Photo taken from my recent trip to Arizona.

One of the most argued about post-processing methods of photography is the creation of HDR Photography. HDR stands for High Dynamic Range, which is a compilation of 2 or more exposure set photos taken from the same exact position creating a deep contrast in both shadows and highlights. Most “new school” photographers think this method is really cool, while many (not most) “old school” photographers think it is not real photography. Personally, I think any technique can be very cool if done correctly.

So how does one create an HDR photograph? I definitely recommend using a tripod (or any sturdy surface) and a remote. The goal is to take at least 2 shots from the same exact position so moving is not an option due to semi-long exposure times. When taking the shot, the easiest method is to set the camera in aperture priority mode and select the f stop well into the 20’s (Ex. F/22). The reason for this high of a number is to get the full range out of your camera. Once the camera has been set in place, the exposure(+/-) has to be adjusted before taking each photo. I mentioned HDR can be shot with 2 different exposure shots, but personally, I like to use at least 3 different exposure shots. In this example, take one photo at 0, one photo at +2 and the last photo at -2. Also make sure the photos are produced in RAW to create the highest quality image. When finished, export the photos on the computer.

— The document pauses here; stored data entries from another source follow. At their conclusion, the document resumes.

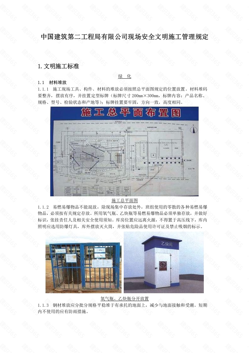 中国建筑第二工程局有限公司现场安全文明施工管理规定1.文明施工标准绿化1.1材料堆放1.1.1施工现场工具、构件、材料的堆放必须按照总平面图规定的位置放置。材料堆码要整齐,摆放有序,并挂置定型标牌(标牌尺寸200mm×300mm,标牌内容:产品名称、规格、型号、检验状态和产地等):标牌挂置要牢固,方向一致,高度相同。施工总平面布置图施工总平面图1.1.2易燃易爆物品不能混放,除现场集中存放处外,班组使用的零散的各种易燃易爆物品,必须按有关规定存放。所用氧气瓶、乙炔瓶等易燃易犀物品必须单独存放,并做好标识,张挂责任人及相关安全使用须知。库房位置应远离火源,不得置于高压线下,库内照明应选用防爆灯具,库外摆放灭火筒,并张贴危险品使用许可证及禁止吸烟的标示。氧气瓶、乙炔瓶分开放置1.1.3钢材堆放应分批分规格平稳堆于有承托的地面上,减少与地面接触和受潮。短期内不使用的应有防雨措施。钢管堆放区型材堆放区成品钢筋堆放区钢筋原材堆放区1.1.4木材堆放必须用木枋或钢管架体承托,避免受潮或倾斜。露天存放且短期内不使用的应有防雨措施。1.1.5大模板存放:大模板存放必须确保安全,堆放形式、堆放高度等需严格按照国家有关规范、标准执行,以防发生坍塌事故。识36识36识365识365
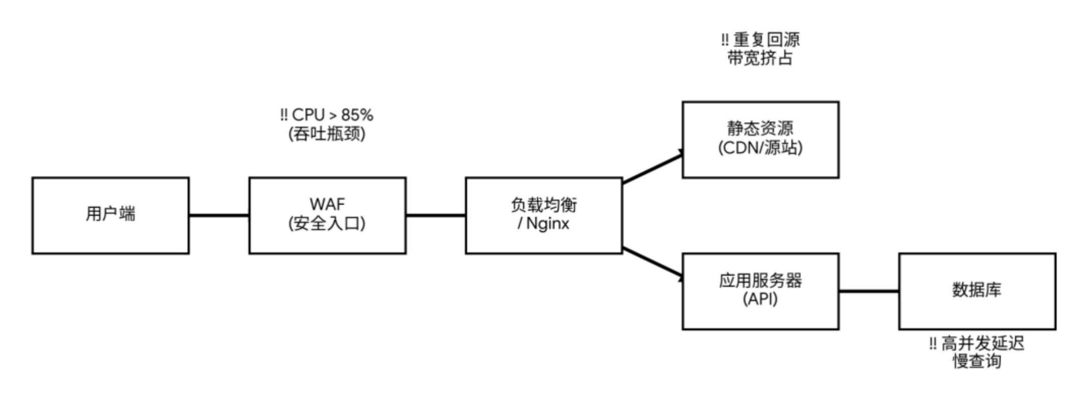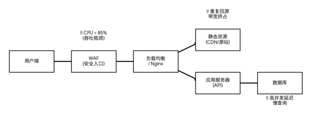 入口瓶颈显著:WAF在峰值时段CPU长期超过85%,成为吞吐约束点。
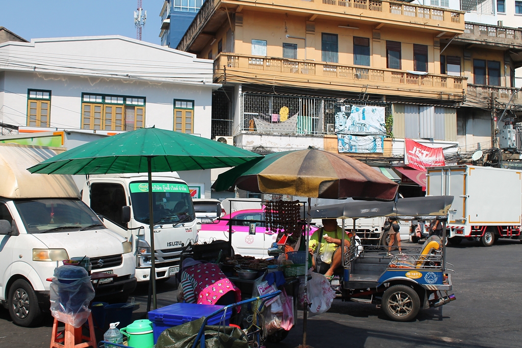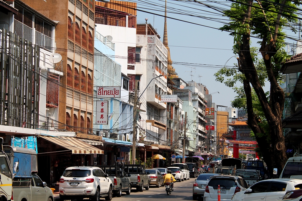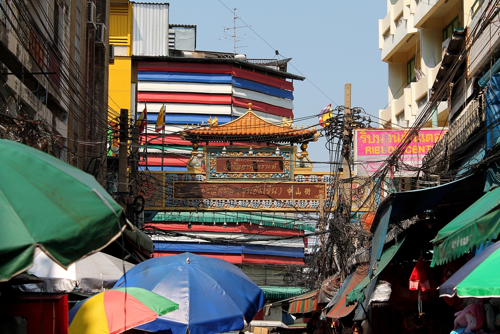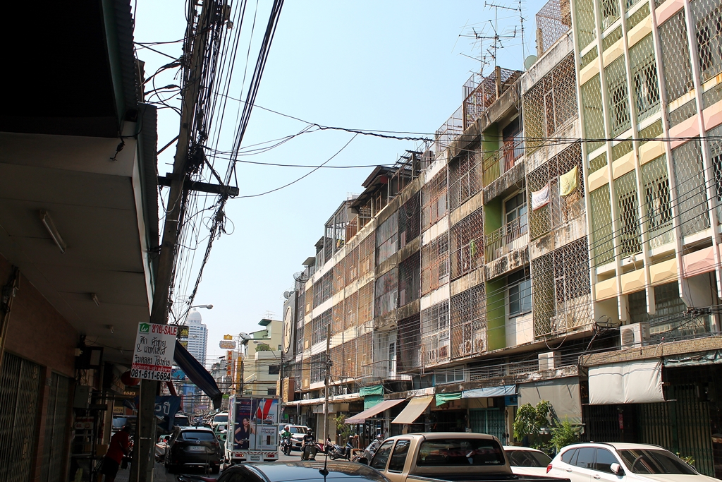 Wracam jednak do głównej ulicy kontynuując masz w kierunku centrum Chinatown. Z każdym krokiem podoba mi się tu coraz bardziej. To nie jest ten znany wszystkim Bangkok ze szklanymi wieżowcami, albo zabytkowymi świątyniami. Nad głową zaczynają się plątaniny kabli, elewacje są coraz brudniejsze, chodniki coraz bardziej zagracone i te przerażająco zakratowane okna i balkony. W przypadku ewentualnego pożaru raczej nie byłoby za ciekawie…
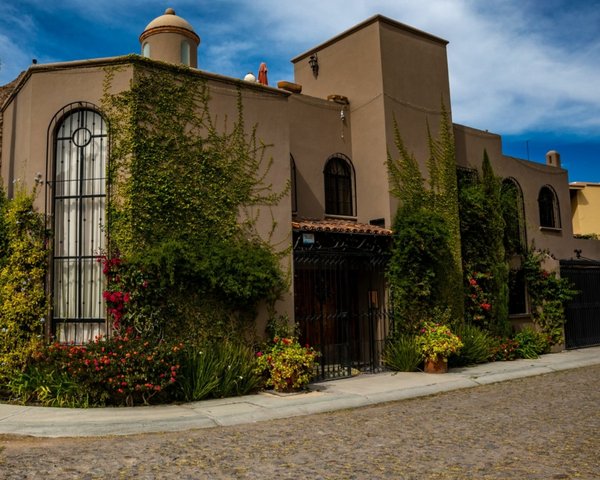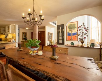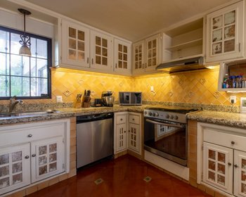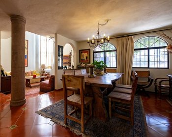 The attractive facade of the house is enhanced by beautifully cultivated landscaping and an elegant entrance. Inside, there is great light throughout, from the living room with its high boveda ceiling to the elegant dining room to the nicely appointed kitchen, which features granite countertops and a garden view. The 3 en suite bedrooms are generously sized with charming details such as a private balcony and walk-in closet, and the large home office/family room could be converted to a ground floor master if desired.
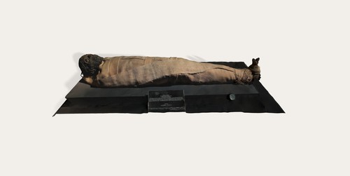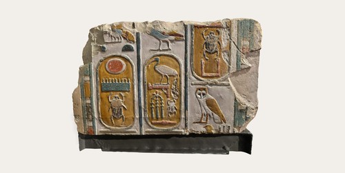 Importantly, the two figures are seamlessly integrated as a singular construction, a distinctive characteristic of Old Kingdom design. Adding to this feature are three hieroglyphic inscriptions which identify the figures and speak to their societal roles.
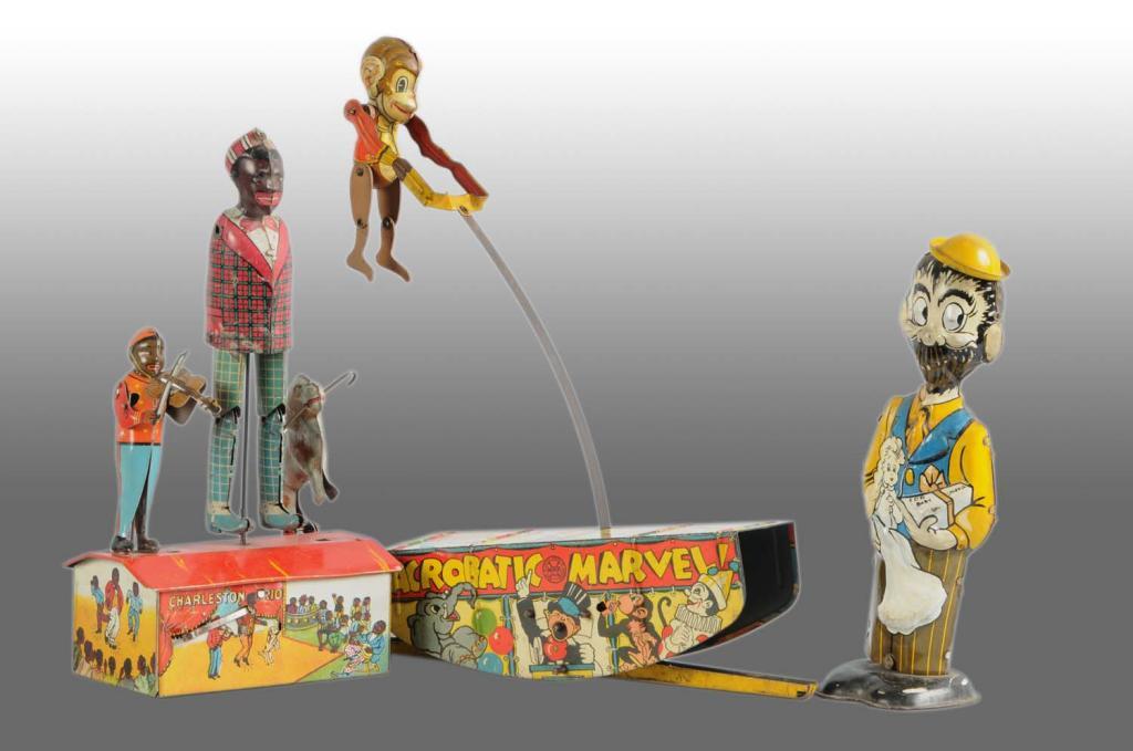 American. Includes one B.O. Plenty, one Acrobat Monkey Marvel and one Charleston Trio missing arms on center figure. B.O. Plenty's mechanism does not work. Moderate overall wear. Condition (Good - Very Good). Size Largest: 10" T.
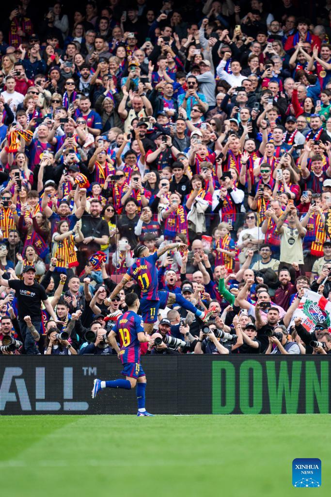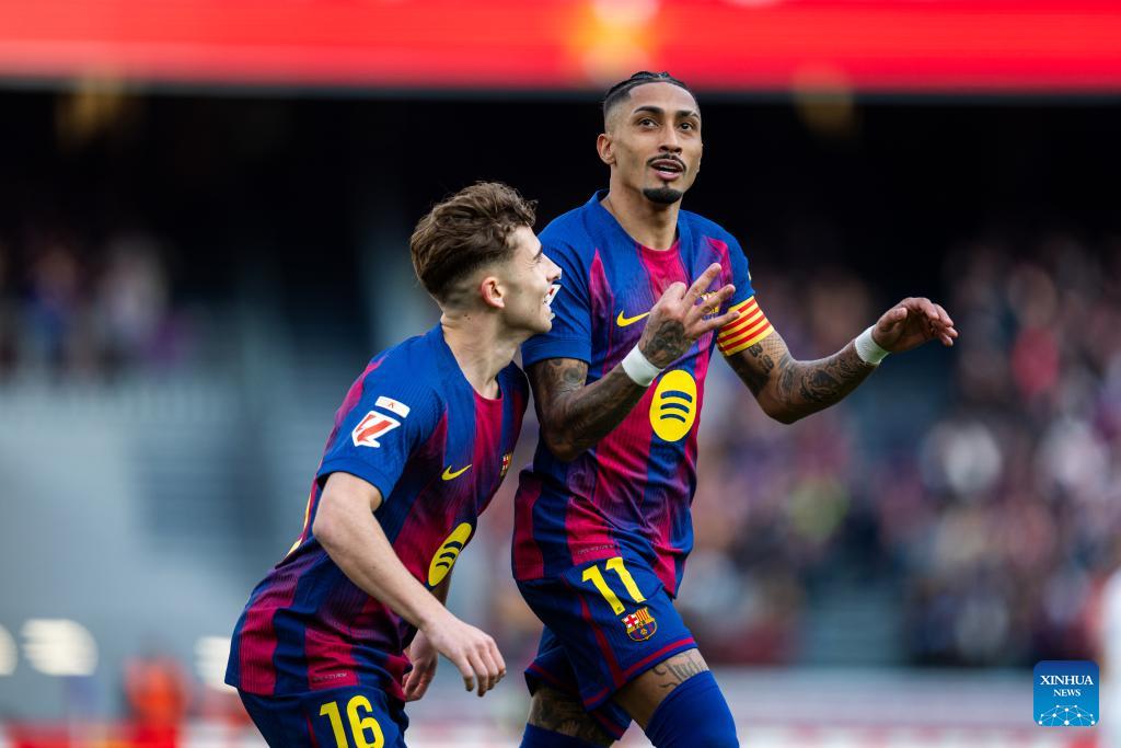 Barcelona's Raphinha celebrates his goal during the La Liga football match between Barcelona and Sevilla FC in Barcelona, Spain, on March 15, 2026. (Photo by Joan Gosa/Xinhua)
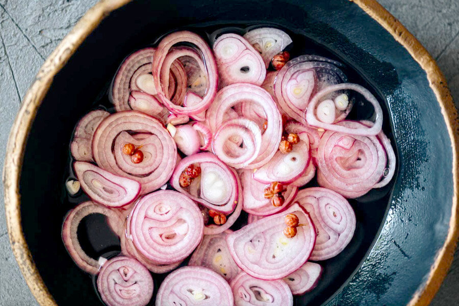 Маринованный лук-шалот — это быстрое и вкусное дополнение к вашим любимым блюдам. Его кисло-сладкий оттенок и легкий пикантный привкус от сычуаньского перца могут совершенно преобразить вкусовую палитру любого рецепта, сообщает Дзен-канал "Китай на вкус".
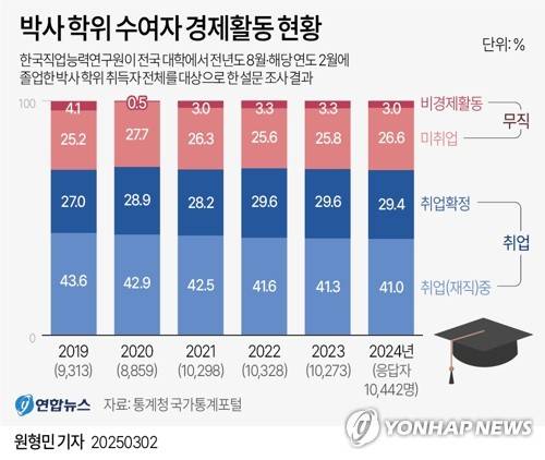 (서울=연합뉴스) 원형민 기자 = 2일 통계청 국가통계포털에 따르면 '2024년 국내 신규 박사 학위 취득자 조사' 결과 응답자 1만442명 중 현재 재직 중이거나 취업이 확정된 비율은 70.4%로 집계됐다.
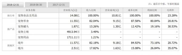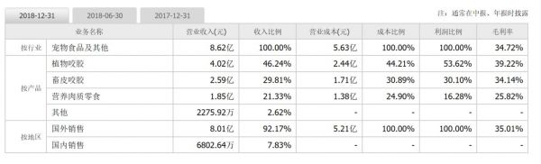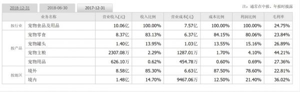 根据中宠股份(SZ:002891)2017、2018两年的业务信息对比图(上图),在中宠股份(SZ:002891)的财报中也可以看到,除宠物罐头的毛利率有一定上升外,其他的产品毛利率指标都有降低。

Once on the computer I highly recommend purchasing a software program titled: Photomatix. This program is easy to use. Simply import the 3 images and run the process. After this process is complete there are many post-process options including making edits in Photoshop if needed. What initially pops out of Photomatix is most likely not the best product. To learn more about Photomatix and HDR, I highly recommend reading the Complete Guide to High Dynamic Range Digital Photography.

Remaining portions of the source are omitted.